Silver Scarcity Gets More Extreme
The comments below are an edited and abridged synopsis of an article by Keith Weiner
The silver price has dropped recently. The price is the seen; the basis mostly goes unseen.
A chart (included) shows two ratios: Gold basis to silver basis, and gold cobasis to silver cobasis, or a measure of gold’s abundance to silver’s abundance, and gold’s scarcity to silver’s scarcity.
Today the blue line (gold is more abundant) is not merely above 1, it is above the spike in October, 2008. To find a level this high, we have to look back to 2006. Before that, 2001. And before that, 1998, when Berkshire Hathaway was buying mass quantities of silver after Warren Buffett drove the price up 73% from about $4.25.
Now the old standby, the silver basis overlaid with the dollar price measured in silver: The cobasis—the measure of scarcity—has been almost straight up from August 8. So has the dollar, which rose from 1.49 grams of silver on August 10, to 1.75g (that’s silver dropping from $20.80 to $17.76, just about $3.00).
Normally, the basis should be around the cost of storage + the cost of interest + marginal profit margin. The higher the interest rate, the higher the basis should be.
Times have not been normal since 2008, and especially since the Covid lockdown. The relevant interest rate to the basis (i.e. the short-term rate) has been on a tear since Q4 last year, and accelerating since the end of January.

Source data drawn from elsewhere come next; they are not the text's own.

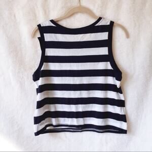 DESCRIPTION: Soft and sporty-cute, this cropped striped tank combines a smooth jersey body with sparkly neckline embellishment in a floral motif. Slip it on over a pair of jeans to add sweet shine to your casual look.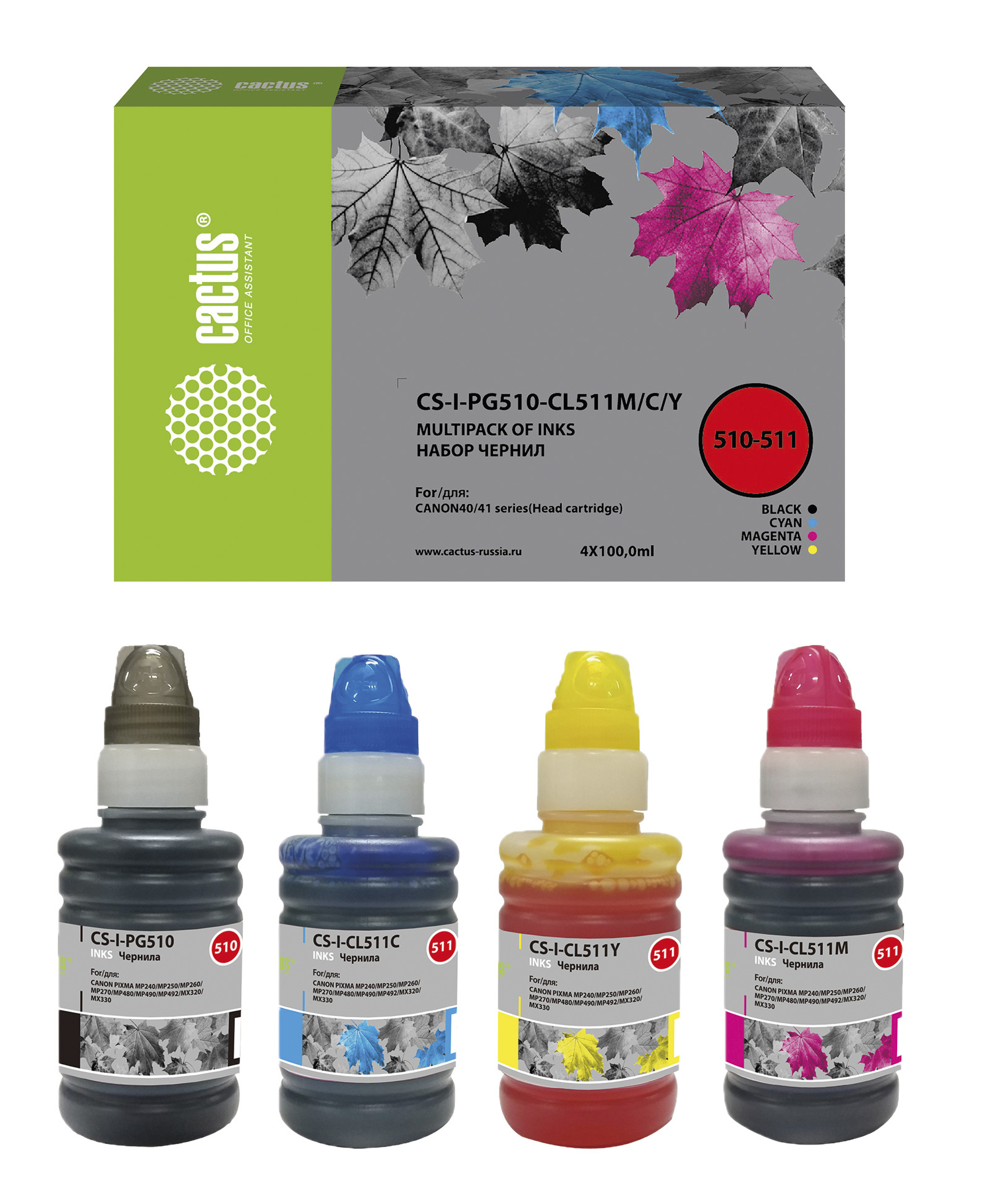 Чернила Cactus CS-I-PG510-CL511M/C/Y многоцветный набор 4x100мл для Canon Pixma MP240/MP250/MP260/MP270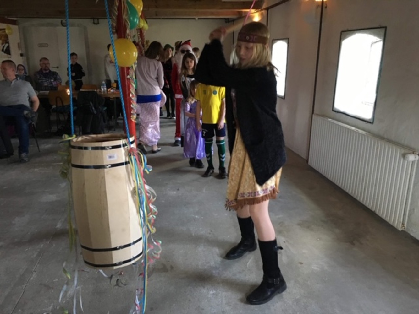 Ca. 35 børn og voksne var mødt op til tøndeslagning og fastelavnsboller.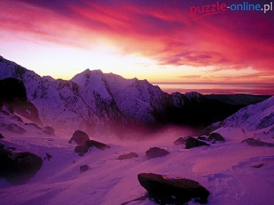 Chmury, Gór, Słońca, Szczyty, Śnieg, Zachód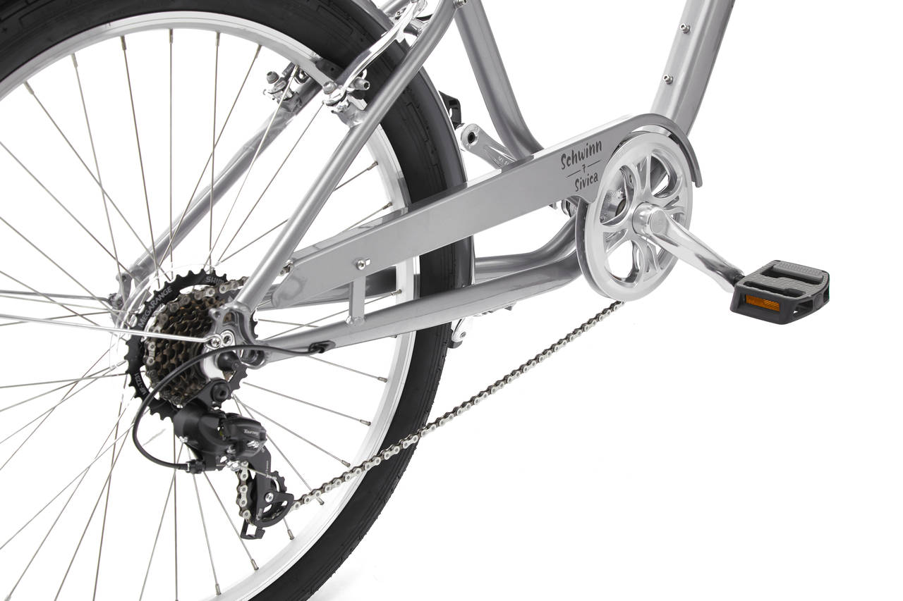 Sivica 7 - это комфортный семискоростной велосипед с неповторимым стилем. Увеличенная колёсная база и вынесенная вперёд каретка новой рамы Schwinn Relaxed Position Plus создаёт очень комфортную посадку и дарит стабильность при катании на небольших скоростях. Широкое комфортное седло, регулируемое по наклону, и регулируемый по высоте руль помогают подобрать посадку индивидуально для Вас. Семи скоростная трансмиссия Shimano Tourney управляется переключателями типа Грипшифт на руле, плавно и чётко меняет передачи и не требует частого обслуживания. Полноразмерные крылья и защита цепи предохраняют одежду от загрязнения и позволяют кататься в любую погоду. Входящая в комплект велосипеда подножка позволяет удобно парковать велосипед во время хранения или непродолжительной стоянки.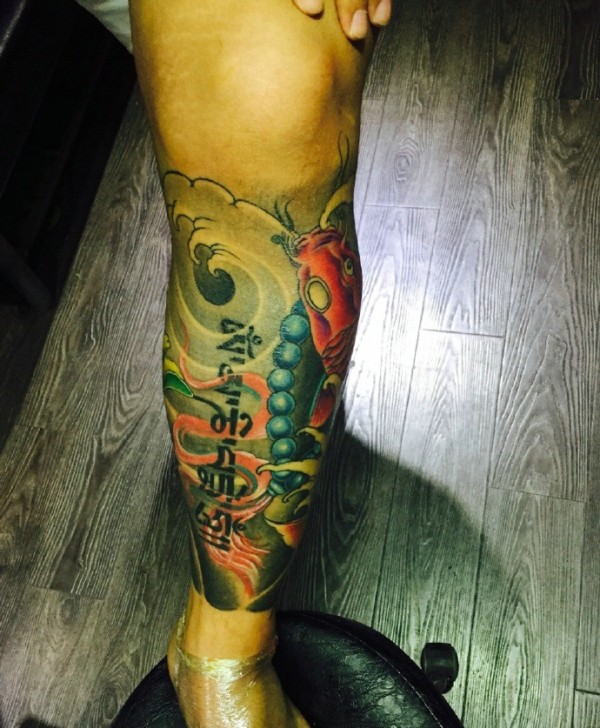 梵文与红鲤鱼结合的腿部纹身图案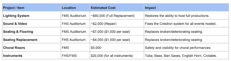 The performing arts in our schools have experienced reductions in staffing and programming over the years due to budget constraints. However, we believe this community, one that deeply values the arts, can help reverse that trend by revitalizing our facilities and creating a space where students can truly thrive.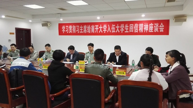 10月13日下午,德赢在科技楼501会议室召开学习贯彻“习近平总书记给南开大学新入伍大学生重要回信精神”座谈会。副校长李可兴,株洲市军分区、天元区人武部、校党委武装部、学生工作部(处)负责人以及学生代表三十余人参加了座谈会。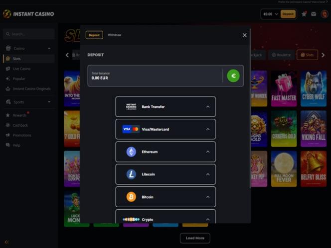 Также стоит отметить, что Instant Casino — это крипто-дружественный сайт , предлагающий лучшие игры казино различных жанров, включая игры с живыми дилерами и такие категории, как рулетка , блэкджек , баккара , покер , игровые шоу и многое другое. Включена программа лояльности, а также привлекательные промо-акции и турниры.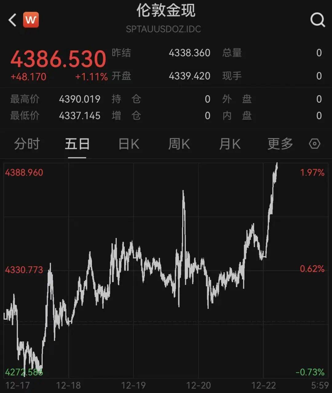 来源:北京时间 22日早间,现货黄金(伦敦金现)强势拉涨,盘中突破10月20日创下的历史纪录(4381.484美元),再 创新高。截至发稿,报4380.290美元/盎司,涨近1%。 对于年内金价强劲上涨,东吴证券首席经济学家芦哲此前表示,是多重引擎共振效应的结果。一是全球 央行延续2022年以来的购金趋势,这也是2022年以来黄金牛市最坚实的基础。二是地缘政治风险和代关 税政策带来较大不确定性。三是金融市场对美联储降息周期与债务问题的重定价。 此外,世界黄金协会12日报告显示,11月全球实物黄金ETF流入达52亿美元,已连续六个月实现流入。 截至11月底,资产管理总规模增至5300亿美元,环比增长5.4%;总持仓上升1%至3932吨,均创新高, 今年全球黄金ETF流入总量有望创下历史最佳年度表现。 芦哲表示,央行购金趋势未变、全球去美元化与地缘政治碎片化仍是长期过程、美国等主要经济体财政 与债务风险仍存等各种基础仍然稳固,对黄金的信用对冲需求继续存在且可能继续扩张,黄金牛市的核 心逻辑未被颠覆。 Wind数据显示,现货黄金价格年内涨幅超65%。 ...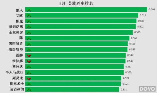 登场次数最多的英雄(被选数+被Ban数): 卡尔这个大家最讨厌的英雄,和冰魂这个大家最喜欢的英雄毫无悬念的登上了这份排行榜的前两位。紧随其后的是先手无解的蝙蝠和伤害恐怖的火猫。同2月份相比,智力型英雄在榜单中的数量又有所增加(从6名上升到了8名),并且还牢牢的掌握着前三的宝座。 胜率最高的英雄(仅针对出场数>50的英雄进行统计): 不明白狼人为什么这么热门的玩家,看看下面这张图就懂了。狼人在3月份的比赛中有着惊人的66%的胜率,一举使其成为DOTA历史上胜率最高的英雄之一。除了狼人之外,另外一个让我们感到惊喜的便是小精灵,其61%的胜率同样不可小觑。不过奇怪的是,登场次数最多的15名英雄中,仅有5名出现在了“胜率榜”里,其中最为热门的卡尔仅仅只有50.5%的胜率。
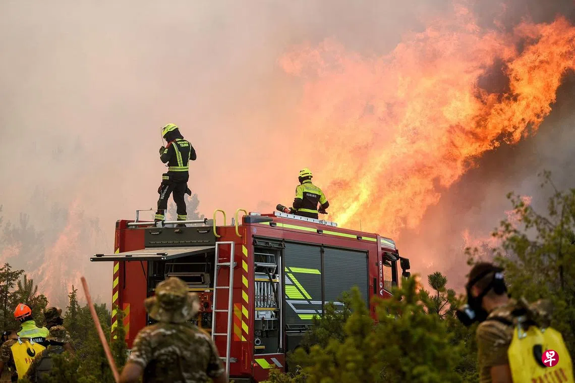 极端天气导致欧洲多国野火燎原。在东南欧巴尔干半岛的北马其顿,全国多处包括首都斯科普里都有大片森林在燃烧,政府被迫在上周四宣布进入紧急状态30天。北马其顿的欧洲邻国斯洛文尼亚和奥地利已派出消防员到当地协助灭火。图为斯洛文尼亚消防员在距离斯科普里约180公里处同林火搏斗。(法新社)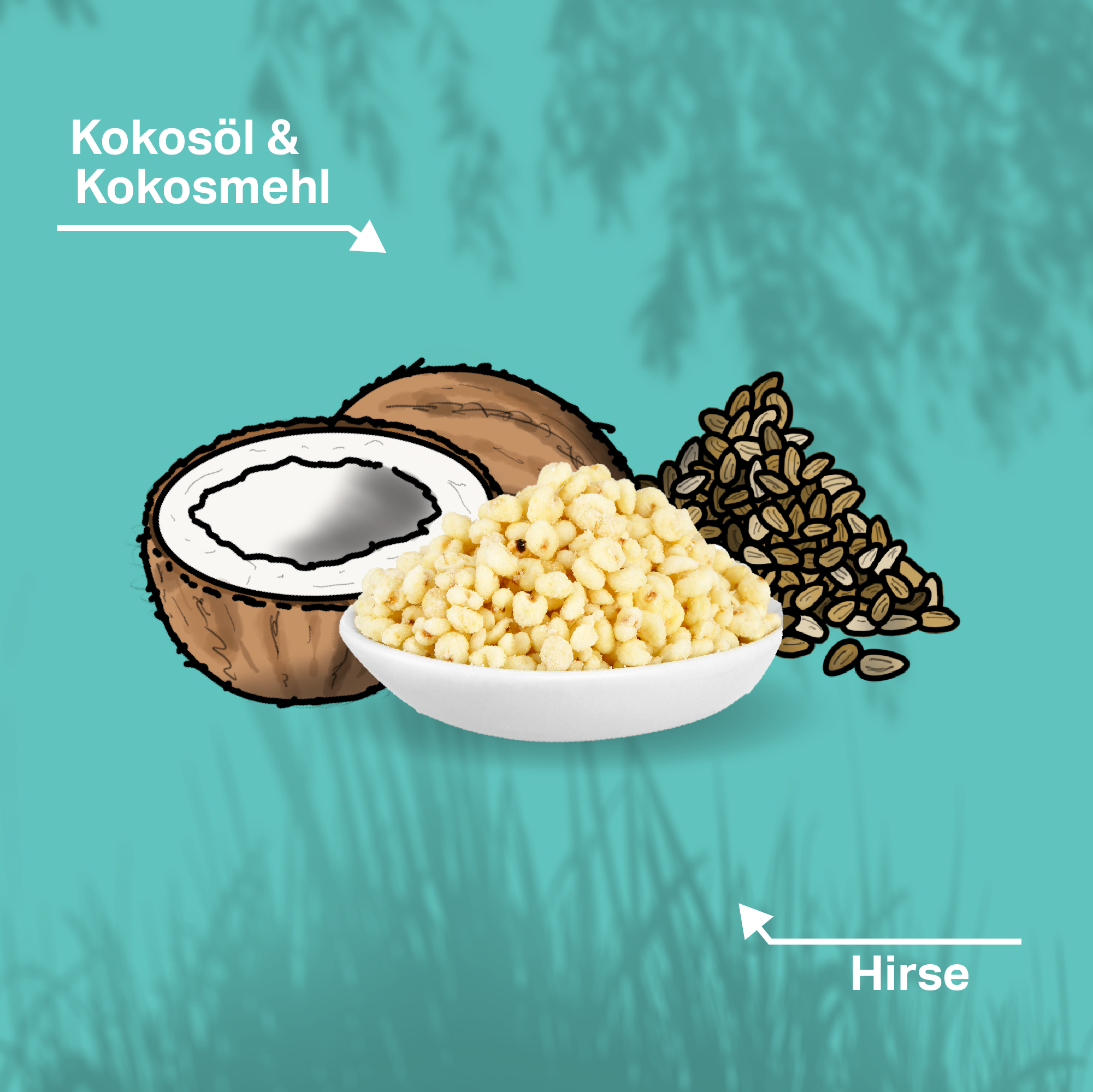 Hirse (gepoppt) 34,44 %, pflanzliches Glycerin, Kokosmehl, Kokosöl 6,89%, Mineralstoffe.
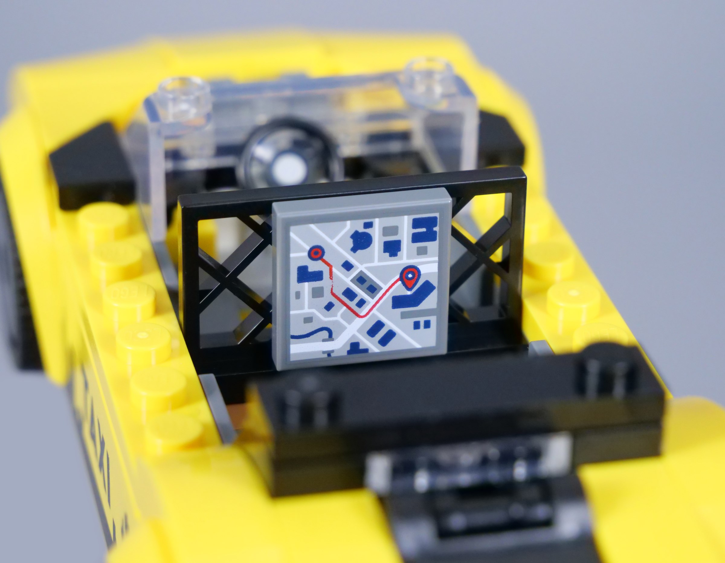 The roof is easily removable to place two figures inside. There is a steering wheel in front of the driver's seat and a fence piece separating the passenger area, with a digital map attached. This is another printed piece, showing the planned route on a 2x2 inverted tile.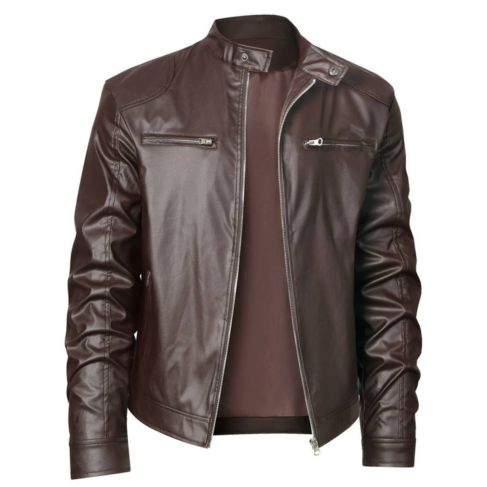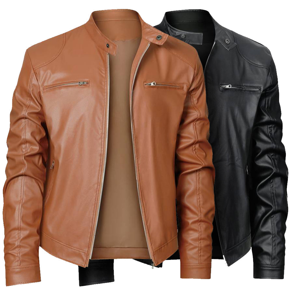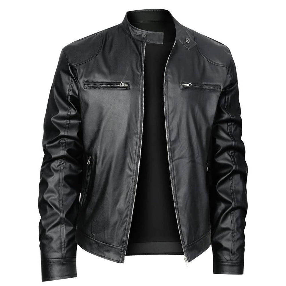 Imagined in refined PU leather, this modern essential boasts a comfortable and breathable fit, adorned with a handsome collar and a zipper closure.

At the beginning of August, 6-month LIBOR was 3.3%. Now it is 3.7%. That’s a gain of 0.4%, which may not sound like a lot, until you look at the cobasis, which is under 0.5%. The interest rate moved as much in a month as the total magnitude of the cobasis!
Normally the silver basis should go up; it would be remarkable for going down at all, much less with the interest rate rising this much.
Finally, Weiner looks at the silver lease rate, which is LIBOR—the silver forward rate (related to the silver basis).
It’s up to 4.8%, the neutral point for a bank. Banks borrow at LIBOR, buy silver and then sell it forward. They would have to charge 4.8% to break even. This does not count their own internal treasury cost—the bank may be borrowing at 3.7%, but it marks up this cost to each group within the bank. Then the bullion group has its own internal costs. Then a credit spread is added, based on each particular lessee’s risk profile. And finally, a profit margin is added.
It makes sense that, as something becomes scarcer, the cost to rent it goes up. This is what backwardation is telling us. Silver has become scarce. This is likely to mean a price move to the upside.